Copy out the entries that follow exactly, leaving out the pictures.
==============================
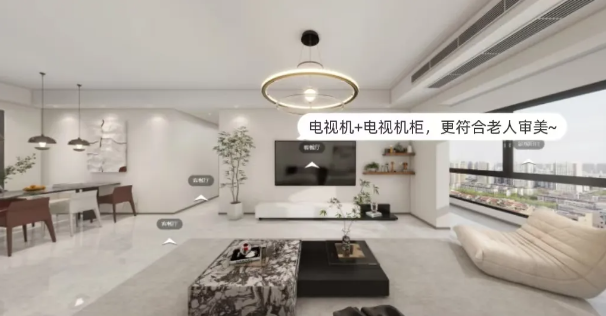 我們舍棄了常規(guī)的收納柜,使用匹配的電視+電視柜,更符合老人審美~
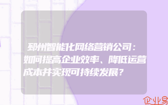 - 邳州智能化网络营销公司:如何提高企业效率、降低运营成本并实现可持续发展?
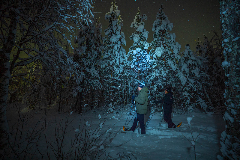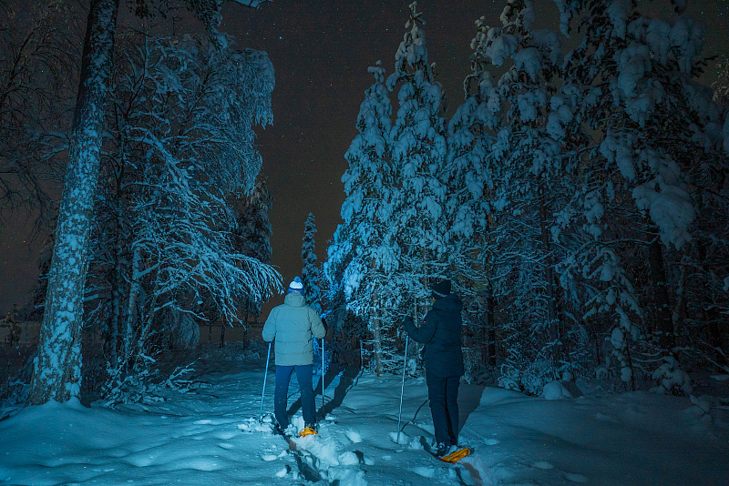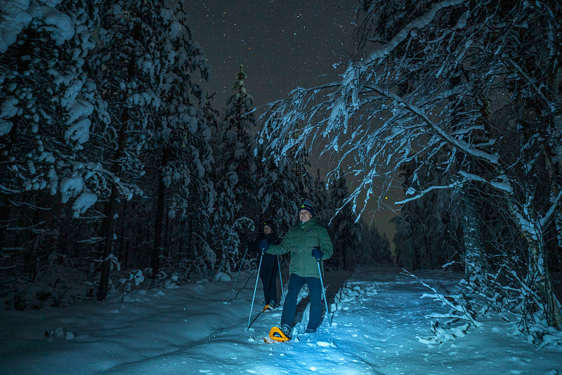 Step into the Arctic night for a peaceful and scenic downhill snowshoeing adventure on Levi Fell. This moderate-level evening tour takes you through snowy forests and open landscapes, offering a unique opportunity to enjoy the tranquil magic of Lapland after dark — whether under a starry sky, softly falling snow, or, if you're lucky, a display of the Northern Lights. The guided hike ends right in the heart of Levi village, next to the main ski slopes
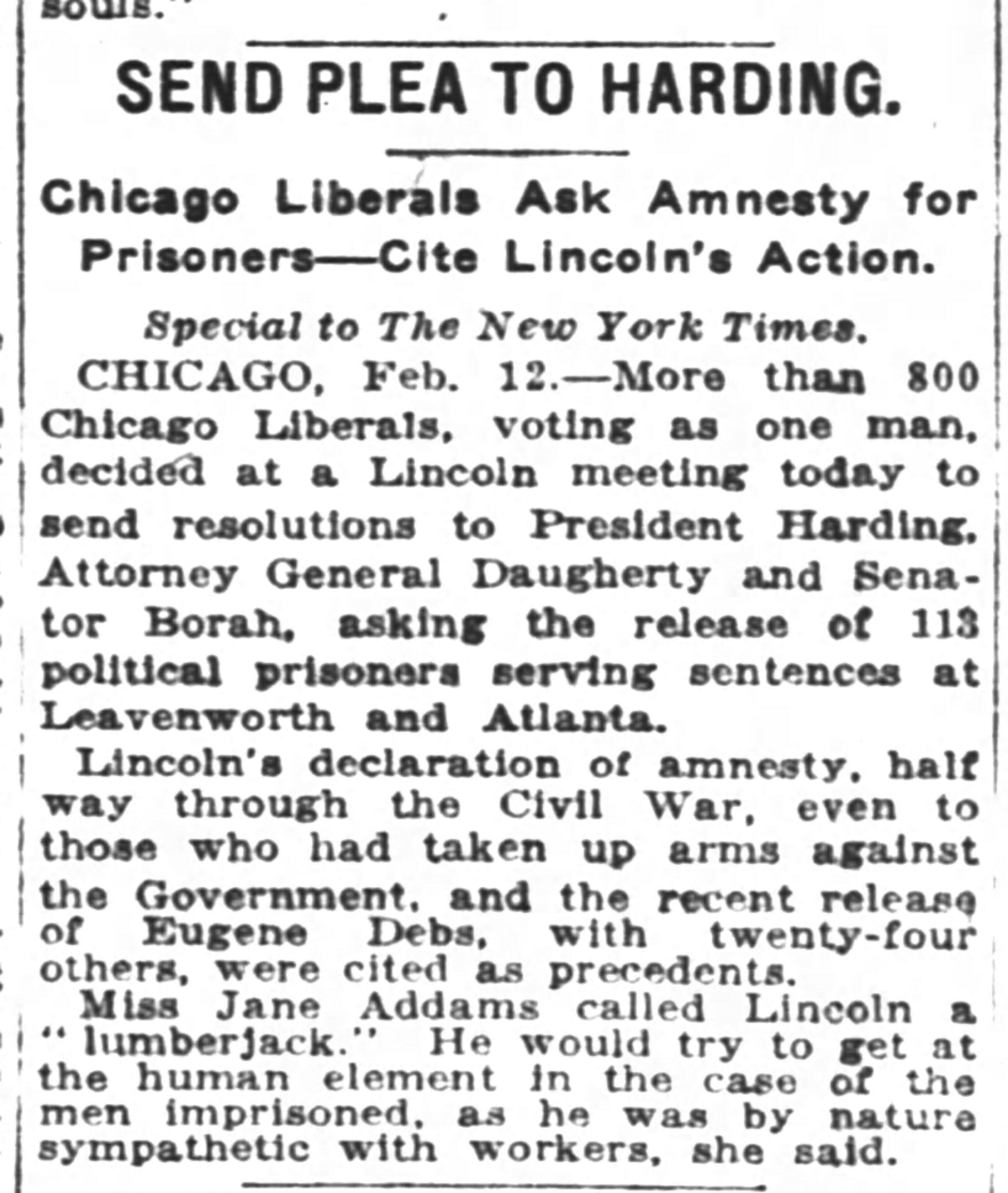 Chicago Liberals Ask Amnesty for Prisoners -- Cite Lincoln's Action.
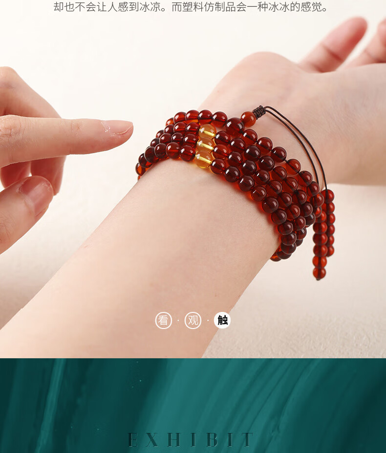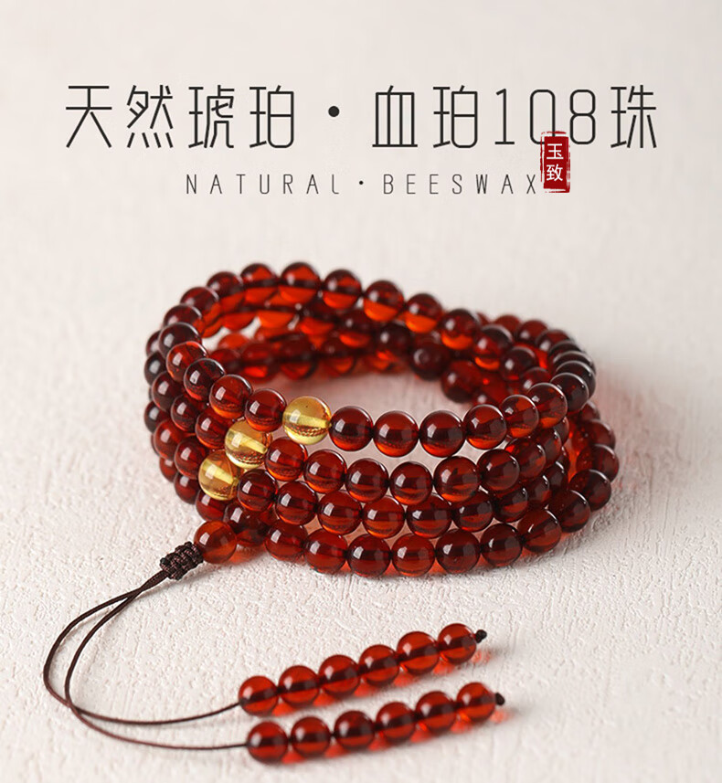 Yuzhi Natural Amber Blood Amber Bracelet for Men and Women 108 Buddha Beads Bracelet Necklace with Certificate 108 Beads Diameter Approximately 5-5.5mm
==============================
ANSWER TO THIS EXERCISE:
 我們舍棄了常規(guī)的收納柜,使用匹配的電視+電視柜,更符合老人審美~
 - 邳州智能化网络营销公司:如何提高企业效率、降低运营成本并实现可持续发展?
 Step into the Arctic night for a peaceful and scenic downhill snowshoeing adventure on Levi Fell. This moderate-level evening tour takes you through snowy forests and open landscapes, offering a unique opportunity to enjoy the tranquil magic of Lapland after dark — whether under a starry sky, softly falling snow, or, if you're lucky, a display of the Northern Lights. The guided hike ends right in the heart of Levi village, next to the main ski slopes
 Chicago Liberals Ask Amnesty for Prisoners -- Cite Lincoln's Action.
 Yuzhi Natural Amber Blood Amber Bracelet for Men and Women 108 Buddha Beads Bracelet Necklace with Certificate 108 Beads Diameter Approximately 5-5.5mm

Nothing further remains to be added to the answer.